▸ GIVEN INFORMATION:
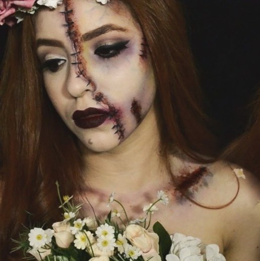 Создавая такой макияж, тон кожи необходимо сделать бледным. Уместно добавить в наносимое средство красящий пигмент, чтобы добиться мертвенно-голубоватого или зеленоватого оттенка лица. Для глаз воспользуйтесь правилами макияжа смоки айс, чтобы сделать их максимально глубокими и выразительными. Губы окрасьте в темно-красный, винный или черный цвет. Завершат макияж мертвой невесты нарисованные красным карандашом раны, темные пятна на коже, намекающие на разложение.
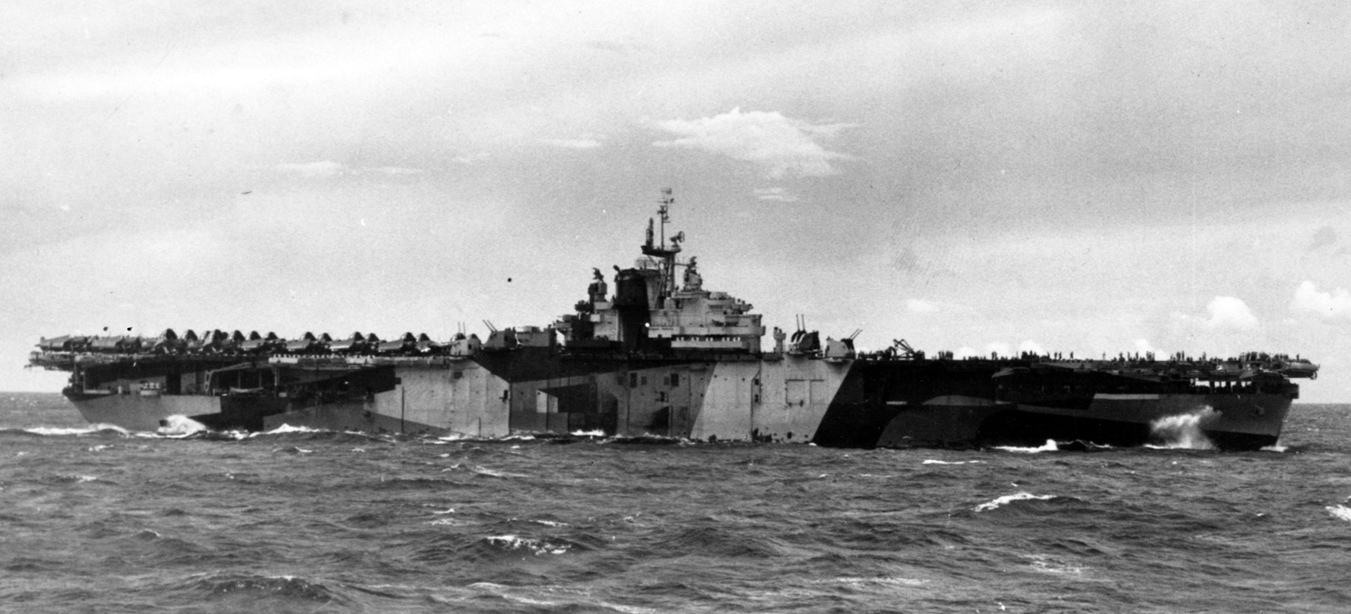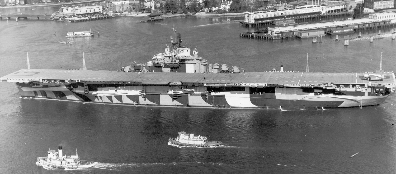 On 12/9/43, CV-13 was sent a camouflage drawing labeled 32/14D, but this was probably a typo or mistake. CV-13 commissioned on January 4, 1944, wearing camouflage design 32/6A on both port and starboard, but three months later repainted the port (the District Camouflage Officer determined Design 6A was too dark on the port) using a modified drawing 32/3A while retaining 32/6A on the starboard side. Severely damaged by bombs 3/19/45 CV-13 did not return to the war.
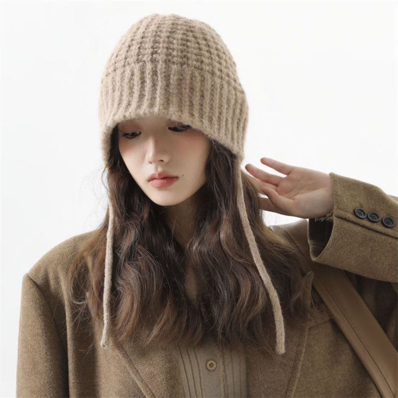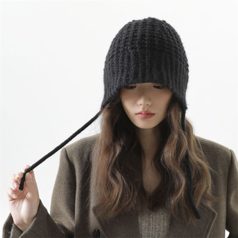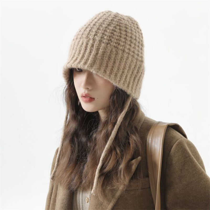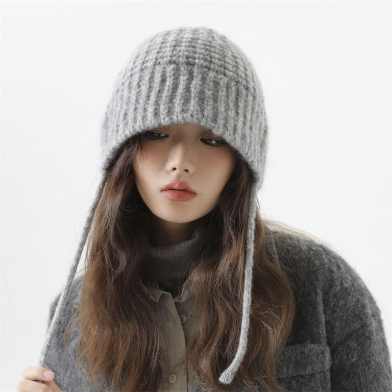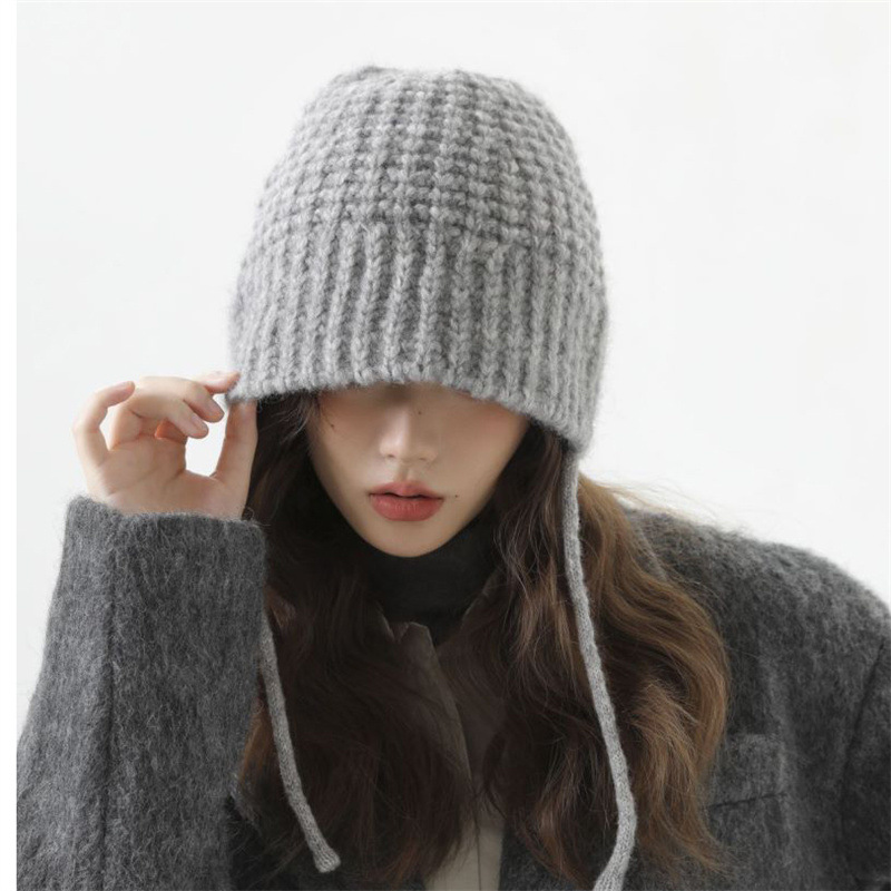 大头围显脸小毛线帽女秋冬季百搭可爱系带针织帽保暖护耳雷锋帽子
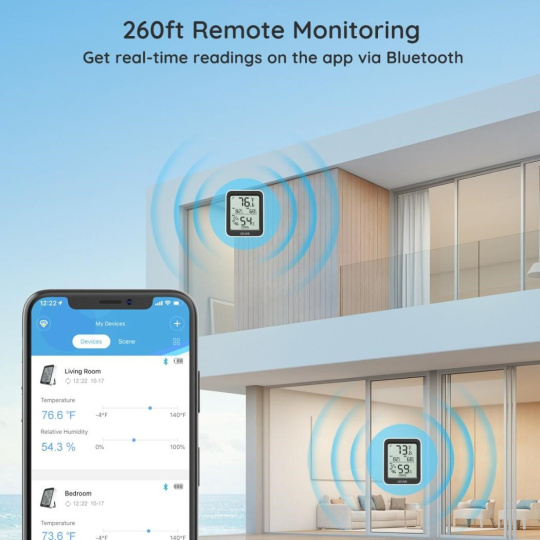 Veľký LCD displej zobrazuje aktuálnu teplotu a vlhkosť jasne a prehľadne. Všetko, čo potrebujete vedieť, vidíte na prvý pohľad, bez toho, aby ste museli kontrolovať telefón. Displej je ideálny na rýchle vizuálne kontroly vo vašej domácnosti, kancelárii alebo sklade. Vďaka prehľadnému a jednoduchému displeju máte neustály prehľad o klíme.

▸ TASK DETAILS:
The whole listing above is to be repeated exactly, apart from its pictures.

▸ REPLY:
 Создавая такой макияж, тон кожи необходимо сделать бледным. Уместно добавить в наносимое средство красящий пигмент, чтобы добиться мертвенно-голубоватого или зеленоватого оттенка лица. Для глаз воспользуйтесь правилами макияжа смоки айс, чтобы сделать их максимально глубокими и выразительными. Губы окрасьте в темно-красный, винный или черный цвет. Завершат макияж мертвой невесты нарисованные красным карандашом раны, темные пятна на коже, намекающие на разложение.
 On 12/9/43, CV-13 was sent a camouflage drawing labeled 32/14D, but this was probably a typo or mistake. CV-13 commissioned on January 4, 1944, wearing camouflage design 32/6A on both port and starboard, but three months later repainted the port (the District Camouflage Officer determined Design 6A was too dark on the port) using a modified drawing 32/3A while retaining 32/6A on the starboard side. Severely damaged by bombs 3/19/45 CV-13 did not return to the war.
 大头围显脸小毛线帽女秋冬季百搭可爱系带针织帽保暖护耳雷锋帽子
 Veľký LCD displej zobrazuje aktuálnu teplotu a vlhkosť jasne a prehľadne. Všetko, čo potrebujete vedieť, vidíte na prvý pohľad, bez toho, aby ste museli kontrolovať telefón. Displej je ideálny na rýchle vizuálne kontroly vo vašej domácnosti, kancelárii alebo sklade. Vďaka prehľadnému a jednoduchému displeju máte neustály prehľad o klíme.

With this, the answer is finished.